Ion Pairing and Salt Structure in Organic Salts through Diffusion, Overhauser, DFT and X‐ray Methods

Pulsed gradient spin‐echo (PGSE) diffusion characteristics for a) the new [brucinium][X] salts 6 a – f [ a : X=BF 4 − ; b : X=PF 6 − ; c : X=MeSO 3 − , d : X=CF 3 SO 3 − ; e : X=BArF − ; f : X=PtCl 3 (C 2 H 4 ) − ], b) 4‐ tert ‐butyl‐ N ‐benzyl analogue, 7 and c) the aryl carbocations ( p ‐R‐C 6 H 4 ) 2 CH 9 a (R=CH 3 O) and 9 b (R=(CH 3 ) 2 N), ( p ‐CH 3 O‐C 6 H 4 ) x CPh 3− x + 10 a – c ( x =1–3, respectively) and ( p ‐R‐C 6 H 4 ) 3 C + 11 (R=(CH 3 ) 2 N) and 12 (R=H) all in several different solvents, are reported. The solvent dependence suggests strong ion pairing in CDCl 3 , intermediate ion pairing in CD 2 Cl 2 and little ion pairing in [D 6 ]acetone. 1 H, 19 F HOESY NMR spectra (HOESY: heteronuclear Overhauser effect spectroscopy) for 6 and 7 reveal a specific approach of the anion with respect to the brucinium cation plus subtle changes, which are related to the anion itself. Further, for carbocations 9 – 12 , (all as BF 4 − salts) based on the NOE results, one finds marked changes in the relative positions of the BF 4 − anion.
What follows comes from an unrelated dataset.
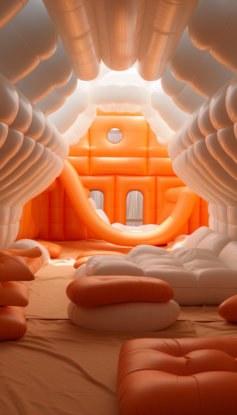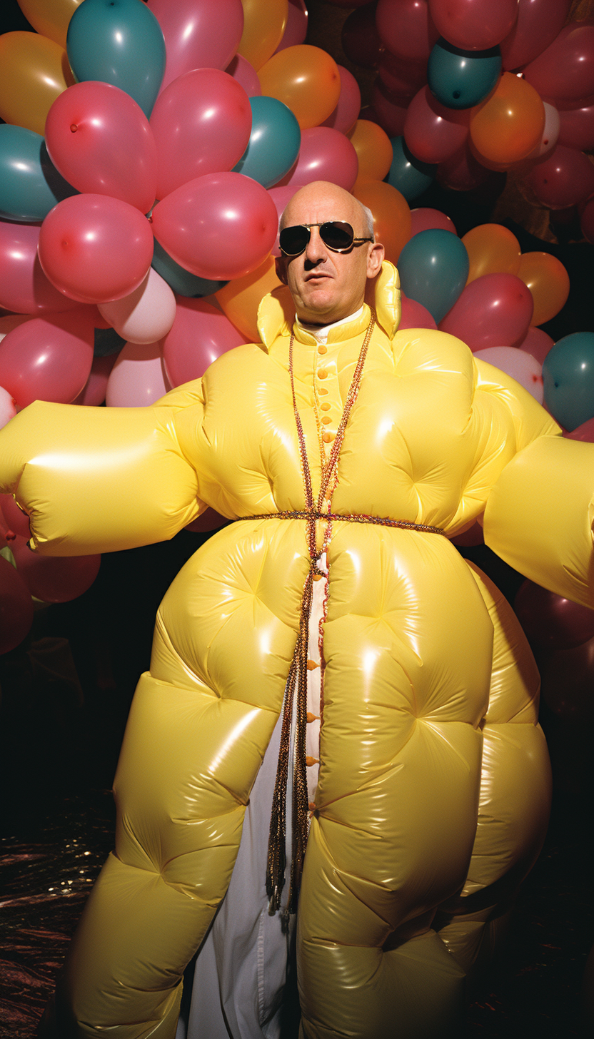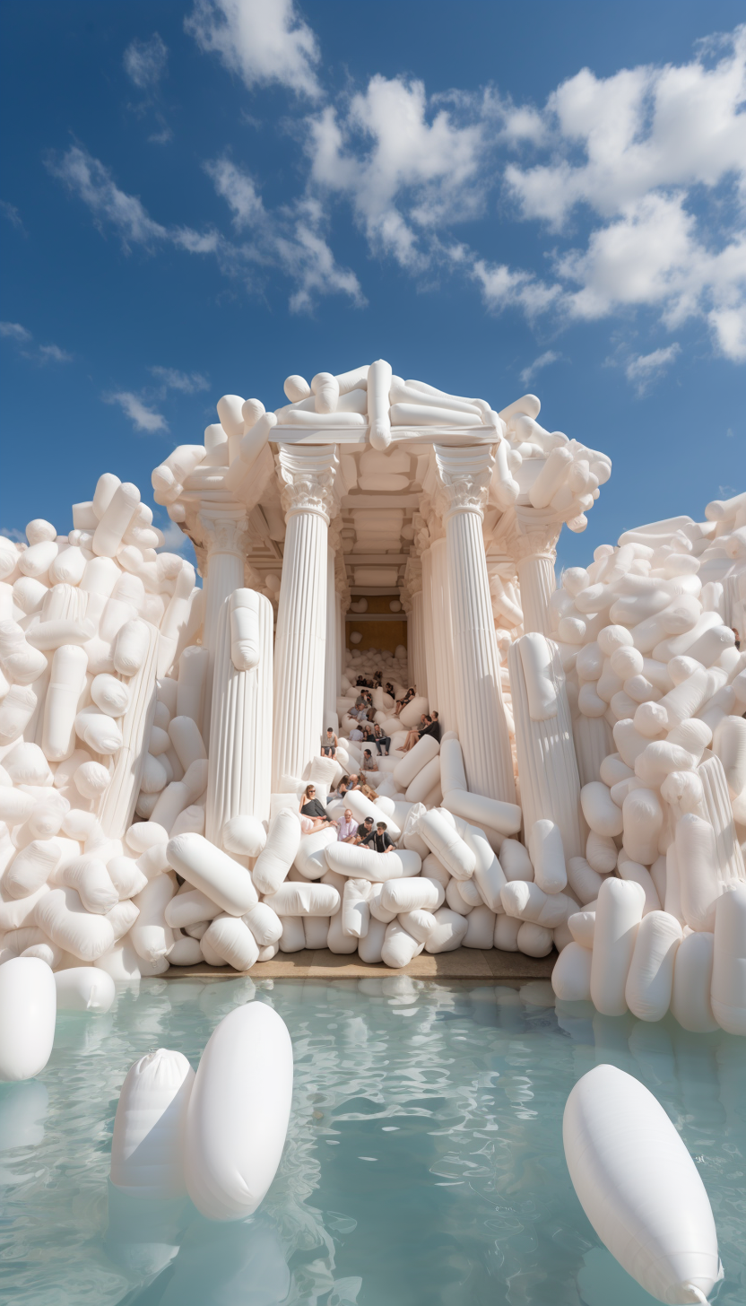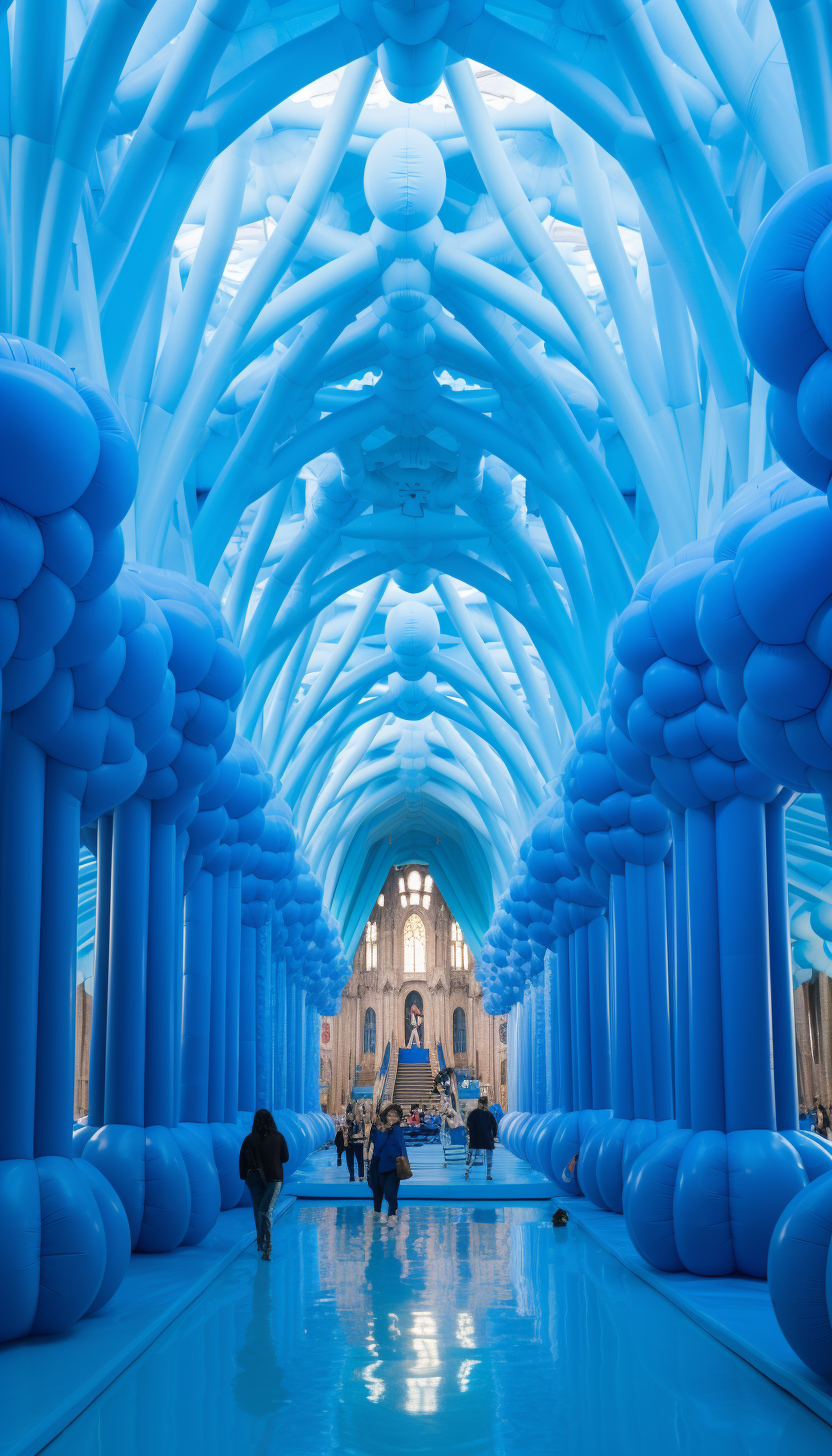 Fast Expos are a concept of exhibitions in a party format with express exhibition and sale of artworks that lasts only one night at Sala Siroco (Madrid). In mid-2023 I was presented with the opportunity to collaborate on this project with Sisual Studio to show artistic pieces generated with Artificial Intelligence (Midjourney + Runway). The common thread was the inflatable and the idea was to explore and play with the creation of impossible universes.

In these aryl cationic species the anion can be located either a) very close to the carbonium ion carbon b) in an intermediate position or c) proximate to the N or O atom of the p ‐substituent and remote from the formally positive C atom. This represents the first example of such a positional dependence of an anion on the structure of the carbocation. DFT calculations support the experimental HOESY results. The solid‐state structures for 6 c and the novel Zeise's salt derivative, [brucinium][PtCl 3 (C 2 H 4 )], 6 f , are reported. Analysis of 195 Pt NMR and other NMR measurements suggest that the η 2 ‐C 2 H 4 bonding to the platinum centre in 6 f is very similar to that found in K[PtCl 3 (C 2 H 4 )]. Field dependent T 1 measurements on [brucinium][PtCl 3 (C 2 H 4 )] and K[PtCl 3 (C 2 H 4 )], are reported and suggested to be useful in recognizing aggregation effects.